→ DATA SEGMENT
•••••

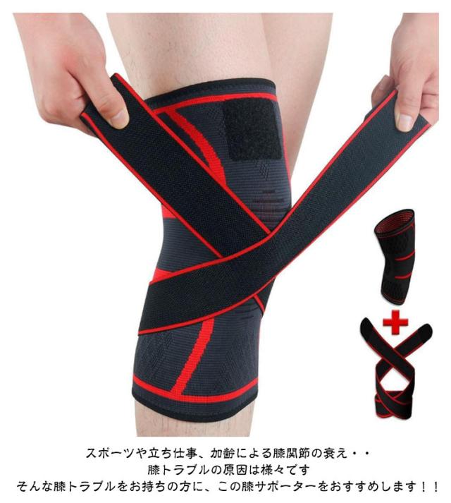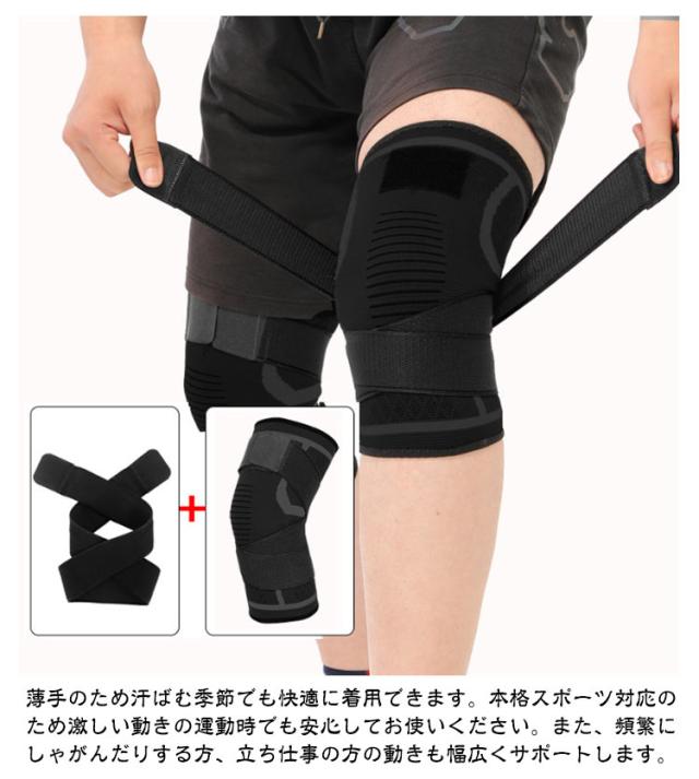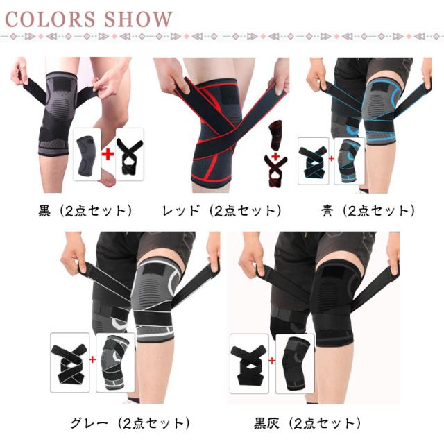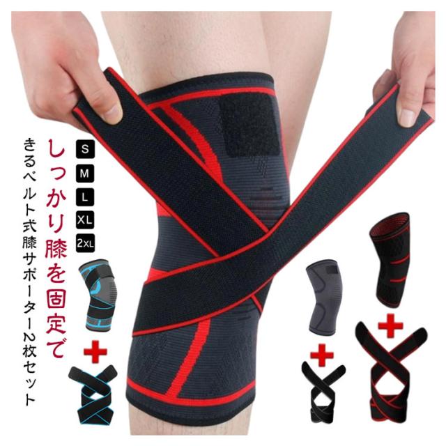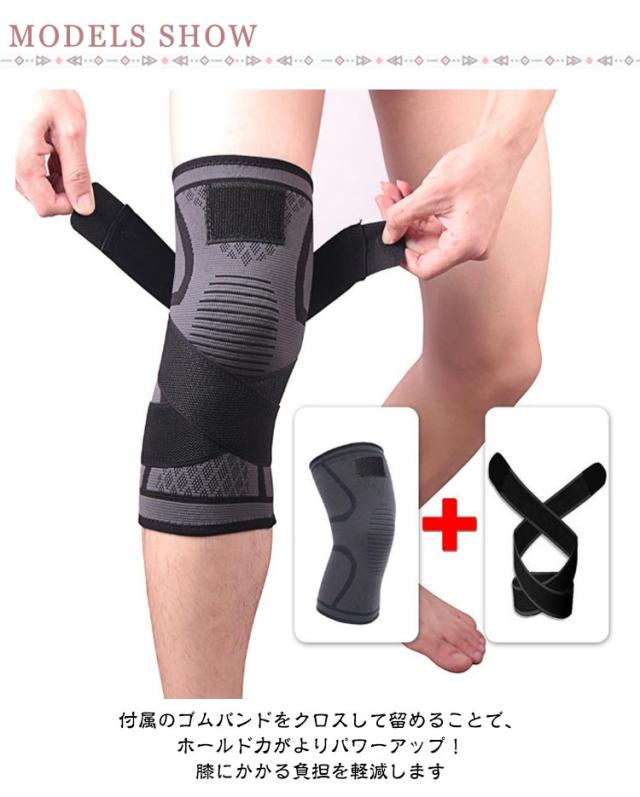 | 【しっかり膝を固定できるベルト式膝サポーター2枚セット】 付属のゴムバンドをクロスして留めることで、ホールド力がよりパワーアップ! 膝にかかる負担を軽減します スポーツや立ち仕事、加齢による膝関節の衰え・・ 膝トラブルの原因は様々です そんな膝トラブルをお持ちの方に、この膝サポーターをおすすめします!! ・ベルト式のため、用途に合わせて加圧調整できます。マジックテープでとめるタイプなので、装着も簡単です。 ・伸縮性・通気性がよく、立体編みされた生地を使用しています。長時間装着してもムレにくい快適素材。3D編み込みでぴったりフィットしズレずに動きやすい! ・薄手のため汗ばむ季節でも快適に着用できます。本格スポーツ対応のため激しい動きの運動時でも安心してお使いください。また、頻繁にしゃがんだりする方、立ち仕事の方の動きも幅広くサポートします。 ・スポーツ時の膝の保護や痛み・怪我の予防に役立つアイテムです。普段の生活での膝のお悩みにもお使いいただけます。 | |
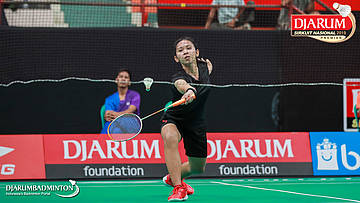 Ivanna Celia Handoyo (PB Djarum, Kudus) berusaha menggapai pengembalian
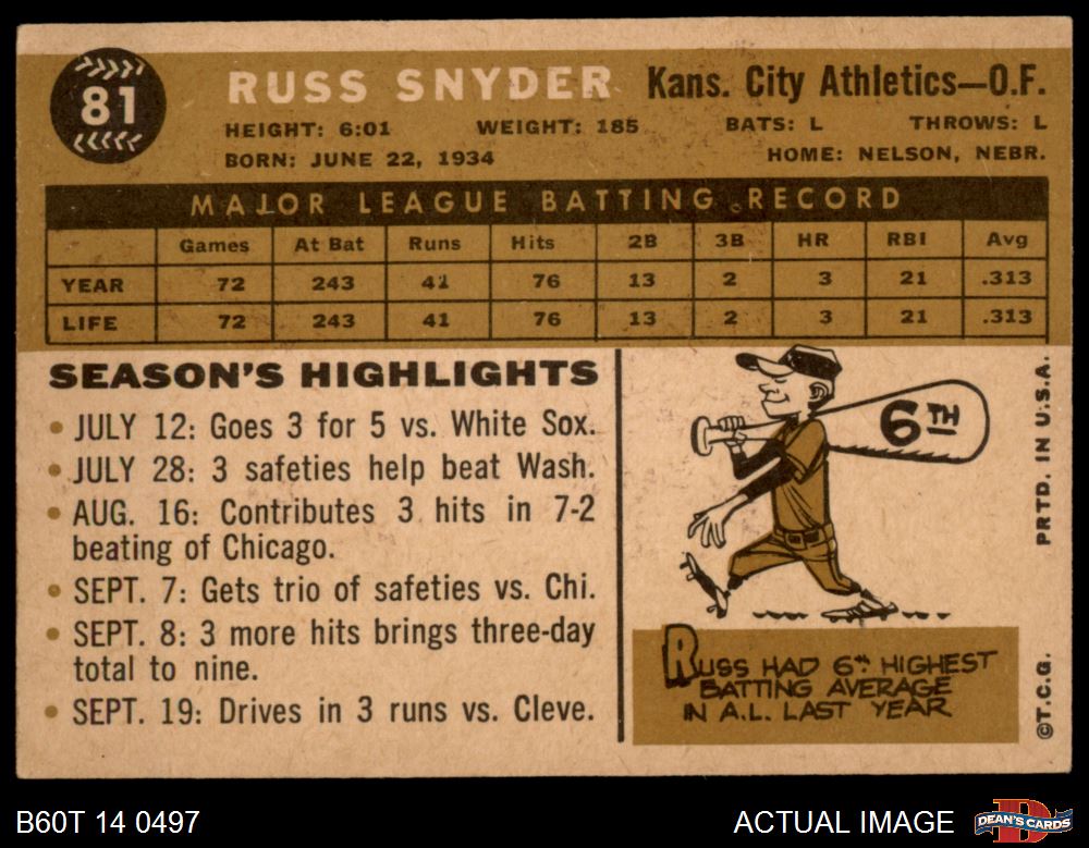 1960 Topps Baseball Cards (11,452 available)1960 Topps Athletics (768 available)
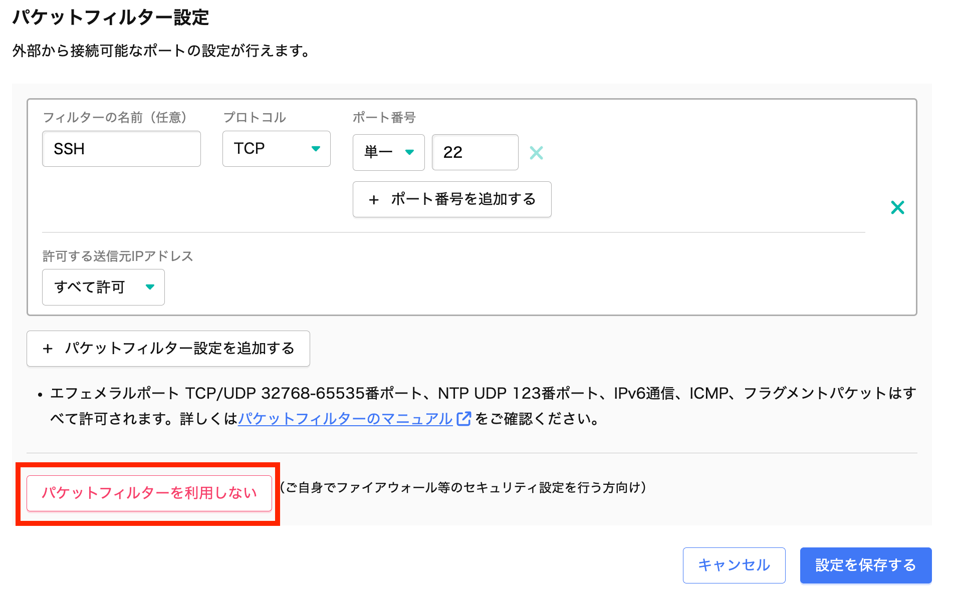 ご自身のサーバー内でファイアウォール設定を行っている場合は、設定が重複する恐れがあるため「パケットフィルターを利用しない」を推奨いたします。

•••••

→ WHAT YOU SHOULD DO
Please set down the data above exactly as given, leaving every picture out.

→ TASK RESULT
 | 【しっかり膝を固定できるベルト式膝サポーター2枚セット】 付属のゴムバンドをクロスして留めることで、ホールド力がよりパワーアップ! 膝にかかる負担を軽減します スポーツや立ち仕事、加齢による膝関節の衰え・・ 膝トラブルの原因は様々です そんな膝トラブルをお持ちの方に、この膝サポーターをおすすめします!! ・ベルト式のため、用途に合わせて加圧調整できます。マジックテープでとめるタイプなので、装着も簡単です。 ・伸縮性・通気性がよく、立体編みされた生地を使用しています。長時間装着してもムレにくい快適素材。3D編み込みでぴったりフィットしズレずに動きやすい! ・薄手のため汗ばむ季節でも快適に着用できます。本格スポーツ対応のため激しい動きの運動時でも安心してお使いください。また、頻繁にしゃがんだりする方、立ち仕事の方の動きも幅広くサポートします。 ・スポーツ時の膝の保護や痛み・怪我の予防に役立つアイテムです。普段の生活での膝のお悩みにもお使いいただけます。 | |
 Ivanna Celia Handoyo (PB Djarum, Kudus) berusaha menggapai pengembalian
 1960 Topps Baseball Cards (11,452 available)1960 Topps Athletics (768 available)
 ご自身のサーバー内でファイアウォール設定を行っている場合は、設定が重複する恐れがあるため「パケットフィルターを利用しない」を推奨いたします。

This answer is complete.